Upadek.
...piosenka o stylu.
Nie ma wyjścia z matni
gdy się system zatnie.
I ucieczki też z systemu raczej nie ma.
Człowiek funkcjonuje,
choć się głowa psuje.
Za to ogon, to zupełnie inny temat.
Łysy, nie mam loczka -
zatem niczym sroczka -
gdy przy braku włoska zimna głowa.
Wykombinowałem,
sprawę przemyślałem.
Ogon chwalić, to jest moda nowa.
Będę celebrytą -
mędrcem, erudytą -
film ze sobą wyślę do jutuba.
Włosów nie nastroszę...
Ogon?

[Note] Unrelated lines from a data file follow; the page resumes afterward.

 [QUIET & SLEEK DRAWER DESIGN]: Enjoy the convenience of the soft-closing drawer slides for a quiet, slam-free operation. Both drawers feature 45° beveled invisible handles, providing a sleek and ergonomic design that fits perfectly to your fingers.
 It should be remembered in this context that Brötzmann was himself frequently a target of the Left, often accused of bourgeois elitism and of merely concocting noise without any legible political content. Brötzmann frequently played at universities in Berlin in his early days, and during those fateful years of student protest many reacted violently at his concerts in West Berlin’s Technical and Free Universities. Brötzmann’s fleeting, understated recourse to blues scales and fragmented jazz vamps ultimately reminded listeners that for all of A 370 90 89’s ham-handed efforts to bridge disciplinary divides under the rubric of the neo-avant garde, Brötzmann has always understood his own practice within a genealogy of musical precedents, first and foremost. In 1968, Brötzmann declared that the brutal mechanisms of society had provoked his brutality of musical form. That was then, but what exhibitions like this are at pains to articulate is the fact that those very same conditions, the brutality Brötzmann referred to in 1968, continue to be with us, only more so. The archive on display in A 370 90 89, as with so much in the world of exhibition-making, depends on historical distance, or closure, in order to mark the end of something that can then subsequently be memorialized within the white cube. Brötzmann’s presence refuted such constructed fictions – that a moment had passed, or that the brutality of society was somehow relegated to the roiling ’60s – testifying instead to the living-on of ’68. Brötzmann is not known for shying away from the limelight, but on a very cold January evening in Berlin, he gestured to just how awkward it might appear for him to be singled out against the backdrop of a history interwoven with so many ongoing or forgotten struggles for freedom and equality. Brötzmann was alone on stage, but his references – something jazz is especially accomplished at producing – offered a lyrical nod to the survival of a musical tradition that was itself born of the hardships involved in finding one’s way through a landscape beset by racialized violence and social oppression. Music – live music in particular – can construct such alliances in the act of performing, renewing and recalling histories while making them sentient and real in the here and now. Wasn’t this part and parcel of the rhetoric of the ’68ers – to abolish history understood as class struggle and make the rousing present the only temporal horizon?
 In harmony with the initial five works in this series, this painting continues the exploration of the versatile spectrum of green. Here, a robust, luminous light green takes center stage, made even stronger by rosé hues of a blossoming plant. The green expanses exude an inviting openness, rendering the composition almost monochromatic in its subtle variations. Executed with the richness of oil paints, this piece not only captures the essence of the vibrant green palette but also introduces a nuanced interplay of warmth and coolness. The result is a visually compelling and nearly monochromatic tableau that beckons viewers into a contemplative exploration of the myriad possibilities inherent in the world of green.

Bardzo proszę.
Będę sławny i do tego jaki ubaw.
Tanie są bajery,
wsparcie dla kariery -
zwłaszcza kiedy występuje brak rozumu.
Kiedyś, to nauka,
dzisiaj na fejsbuka
wystaw ogon i już się wyróżnisz z tłumu.
Ref.
Bo ważny jest ogon -
wypijmy samogon
i chodźmy obnażyć swe tyły.
Nieważne są tabu, moralne reguły,
gdy w sławy objęciach żeś czułych.
Nie trzymaj się smaku,
miej za nic biedaków -
ten świat już i tak jest dość przegniły.
W państwie dyrektory -
"Facebook success story" -
się promują, że złożyli nowe prawo.
Dzielą się sukcesem
"że są naj" - w ten deseń.
Merkantylni, tacy silni -
tylko tyle,
że wygląda to dość słabo.
Ref.
Bo ważny jest ogon -
wypijmy samogon
i chodźmy obnażyć swe tyły.
Nieważne są tabu, moralne reguły,
gdy w sławy objęciach żeś czułych.
Nie trzymaj się smaku,
miej za nic biedaków -
ten świat już i tak jest dość przegniły.
Komentarze (6)
Co tu dużo gadać, tylko ukłonić się Autorowi... Wiersz
doskonały. Błyskotliwie i precyzyjnie. A ironia
baaaaardzo gorzka....
Pozdrawiam.
Pliszka pliszką, a kiedyś w UK usłyszałem to: jak nie
będziesz dmuchał we własną trąbkę, nikt tego za ciebie
nie zrobi:).
Pozdrawiam, a takie wiersze lubię.
A konkurencja na tik toku nie śpi ;)
Prima sort!
:)) Chyba pliszka jako pierwsza
postąpiła według wiersza.
Miłego dnia Goldenie:)
:-))))))
Mamo, chwalą nas.
Kto?
Wy mnie, a ja was.
Zawsze trafiasz w samo sedno.
Podziwiam talent i umiejętnosci.
Słonecznych dni, Goldenie :)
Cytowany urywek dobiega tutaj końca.